(HASSELT, BELGIUM — April 27, 2023 — TrendMiner Release via EINPresswire.com) —TrendMiner, a Software AG company, is introducing the “Digital Twin Manager” in its latest 2023.R1 release. With the Digital Twin Manager, industrial companies can create the foundation for making a digital process twin. TrendMiner allows engineers to analyze historical process and asset data as well as create (predictive) machine learning models. This offers deeper insight into operational performance, which enables operational experts to create better production dashboards and achieve predictive maintenance efforts on a higher level.
The latest release also includes plug-and-play integration with market-leading cloud-data sources from Amazon and Microsoft. Among the list of new capabilities and enhancements is a new search refinement that helps TrendMiner 2023.R1 users accelerate insights from time-series data.

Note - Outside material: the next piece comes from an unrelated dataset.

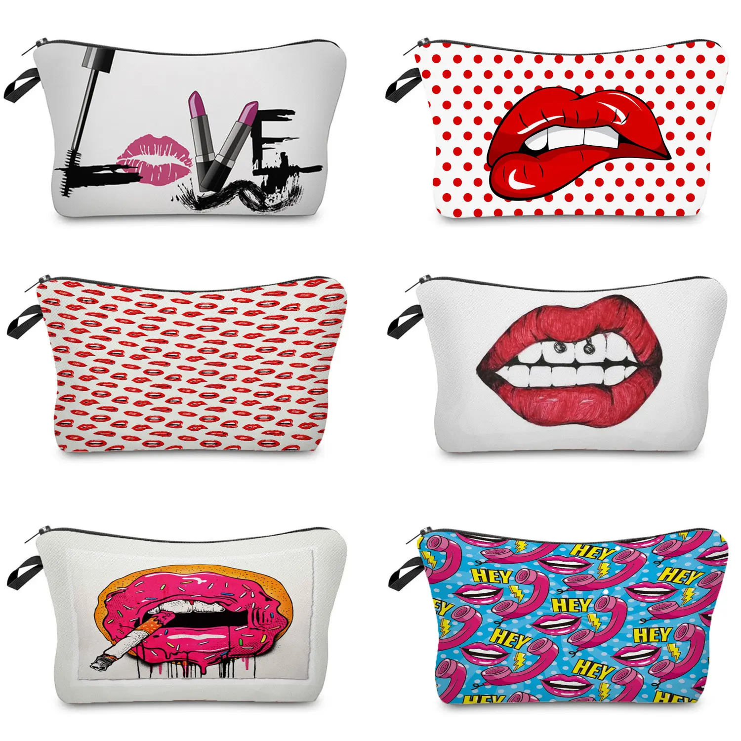 Сумка с принтом для девочек, красивая косметическая сумка-Органайзер, модный, с изображением красных губ, косметичка для путешествий, сумка для хранения, переносная сумка для женщин
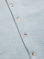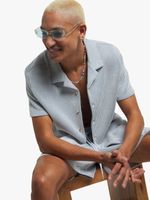 Featuring a navy seersucker fabric and button up design you can layer this shirt with all yo szn favs & icy accessory pieces. Copping this bad boy is a total no brainer!

Production lines in the process manufacturing industry are complex systems with many assets and sensors. Creating a process twin helps engineers identify assets and their parameters quickly. With TrendMiner’s “Digital Twin Manager,” users can build asset hierarchies using a wizard-style drag-and-drop feature inside the new Digital Twin Manager. Not only can they structure tags from enterprise historian or cloud data sources, but they also can attach tags or other information, such as dashboards or knowledgebase links. This includes machine learning models built in TrendMiner’s MLHub, or from a formula or aggregations made with Tag Builder. The new center also hosts previously existing functions to manage asset permissions or specific asset types.
TrendMiner now has three new plug-and-play connectors with market leading cloud-data sources: AWS IoT SiteWise, Amazon Timestream, and Microsoft Azure Data Explorer. In addition to time-series data, IoT SiteWise also supports asset data and contextual data. Both IoT SiteWise and Timestream are compliant with the Health Insurance Portability and Accountability Act (HIPPA) in the U.S.
Operators who are analyzing process events, such as batches, campaigns, defects, downtimes, etc., desire insights with the largest possible dimensionality to understand the behavior of the process or equipment during those events. The new search result refinement feature allows users to identify outliers more easily in process behavior by offering visualizations of the distribution of durations, calculations, and other summary metrics via histograms. Furthermore, the user can interact with the histograms to select a subset of interesting events with respect to one or more summary metrics and subsequently explore the relation with other dimensions as the histograms dynamically update.